Five Steps to Successful Mobile Campaigns in Google AdWords

by Theo Bennett

So you think you need a mobile campaign?  Well you probably do.  Web browsing and searching is exploding on so called smartphones that contain fully functioning browsers.  This includes, of course, the iPhone but also phones which run on Google’s Android operating system.  The iPhone was first, but according to Macworld, Android based phones will duke it out with Apple for smartphone dominance.  This is not only a rosy outlook for Google’s Android operating system, but also for mobile marketers. 

So should you market to mobile users, here are five quick steps to take to help you answer this question:

  1. Do you have a mobile website? I know what’s coming next.  With the exception of the iPhone and Adobe Flash, today’s smartphones have full browser support and can render websites, so why do you need a mobile site?    The answer is obvious if you look at your 1024×768 website on a 4 inch screen — it looks terrible. If you don’t want to develop your entire site for mobile devices, at least offer a bridge to mobile users:  A few key pages: home, contact us form, about us, locations and click to call functionality, so that users of mobile devices can easily learn more about your company and services.   Code this mobile site with Google Analytics so your referring data doesn’t fall into a black hole.  The last thing you need are referrals from /mobile or mobile.yoursite.com in your GA data.
  2. Log into your Google AdWords account; segment your campaign keywords and ads by “device”. Voila! If you haven’t previously excluded mobile devices from your campaigns; your AdWords data is now broken out by computer and mobile device.  I’ll bet there are more impressions and clicks than you expected!
  3. If you aren’t using AdWords, or even if you are; log into Google Analytics and select “Mobile Traffic” from the advanced segment dropdown.  Booyah!  Here you’ll see only the mobile traffic and how mobile browsers are accessing and converting on your site.
  4. If you have any mobile data after completing steps 2 and 3, and don’t have a mobile site, then build one ASAP. If you have a mobile site and no mobile campaigns, then build a mobile campaign.  That’s right, change your campaign settings in you current campaigns to target only “computers” and then build a new campaign that only targets mobile devices.   When you get started on your mobile campaign, there are many options that include device and mobile service provider.  Skip these for now and target all mobile networks and devices.  Once you’ve collected some data on performance, you can optimize with real data and not hunches that Verizon users will buy more than Sprint users.  (The exception is if you are selling, for example, an iPhone app; then please select iPhone and AT&T here please.) 
  5. Measure and Optimize.   Building a search marketing campaign properly is only the beginning.  Collect data, analyze and optimize. 

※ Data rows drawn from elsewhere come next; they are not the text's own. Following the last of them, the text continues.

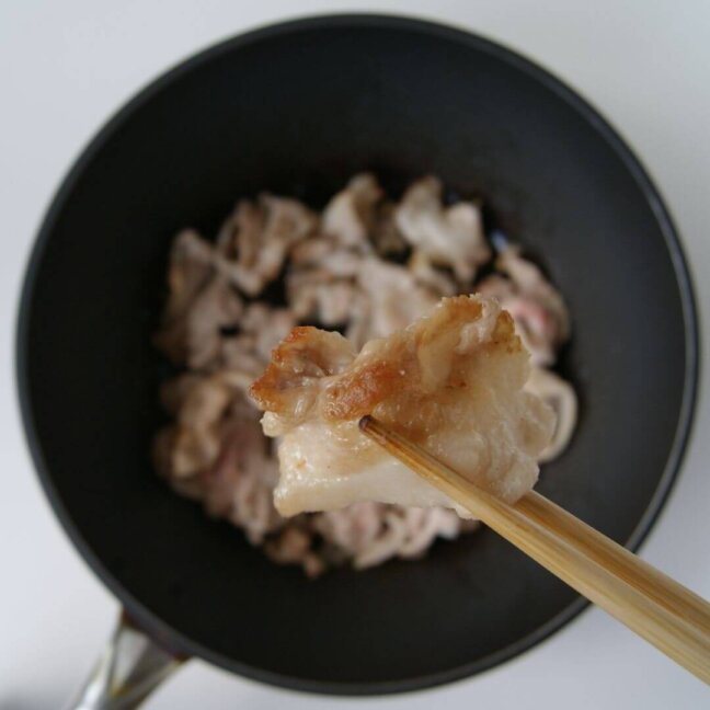 片面に焼き色がついたら、ペーパータオルで肉の脂を9割ほどふきとる。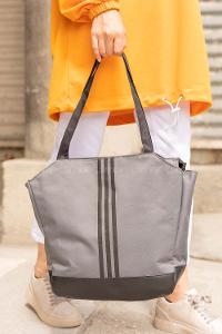 Lamelif Şeritli Shopper Kadın Omuz Çantası Gri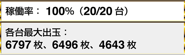 『バジリスク~甲賀忍法帖~絆』と『ミリオンゴッド-神々の凱旋-』に最大獲得枚数が6000枚を超えるデータを目撃した。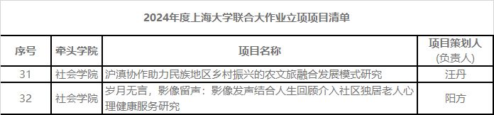 根据《关于申报2024年度3044永利集团老员工联合大作业项目的通知》的要求,公司组织开展了2024年度联合大作业项目的申报工作。经教务部网上函评和立项答辩环节,汪丹副教授的“沪滇协作助力民族地区乡村振兴的农文旅融合发展模式研究”项目、阳方副教授的“岁月无言,影像留声:影像发声结合人生回顾介入社区独居老人心理健康服务研究”项目获得2024年度联合大作业资助项目。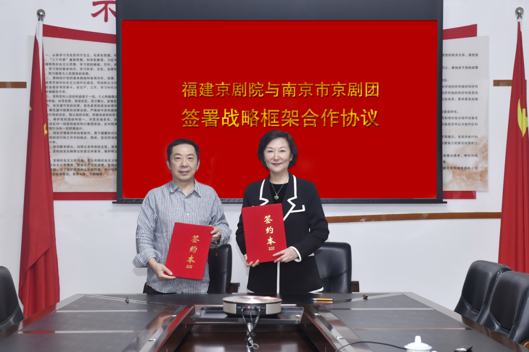 签约现场,福建京剧院党总支书记、院长孙劲梅与南京市京剧团团长王珏共同签署战略共建协议,明确在艺术交流、人才培养、资源共享这三大领域展开深度合作。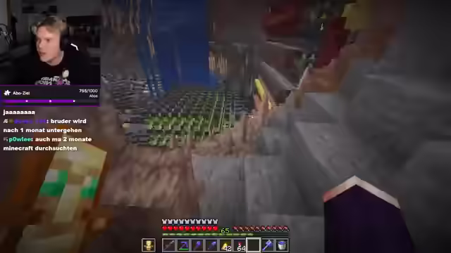 02:47:50Es wird erwähnt, dass Codes in der Familie ausgetauscht werden und jeder vier neue erhält. Der Streamer baut für Trimax auf CraftAttack eine automatische Kaktusfarm, beginnend mit einer Sandplatte und Wasser, um die Kakteen zu den Trichtern zu spülen. Danach bedankt er sich für zwei Tech-Areas und lobt die AI-Slop-Kreationen einiger Zuschauer. Er fordert die Zuschauer auf, sein Profil zu besuchen, um die besten zu sehen. Anschließend trinkt er demonstrativ die Ostsee leer und äußert sich erschöpft und durchgeschwitzt. Er vermutet ein Mikrofon in seiner Kleidung und reißt eine Naht auf, um etwas darin zu finden. Er zeigt sein Lieblings-Lego-Teil, einen grauen Stein, den er als Lego-Penis bezeichnet und bedankt sich für 150 Follower auf Sora. Er erwähnt, dass er noch nichts gegessen hat und fragt nach Essen.

So if you’re still not convinced, remember that mobile search can happen in ways that desktop search cant.  It happens away from the office, at times of inspiration or worry.  It happens prior to imminent purchases as buyers ensure they are buying the best widget at the best price.  And it happens, for the most part at a lower cost.  That’s right; I saved the best for last.  Depending on your campaigns and keywords, there is generally less competition on mobile and in my experience; a properly optimized and targeted campaign can get you the same click for less.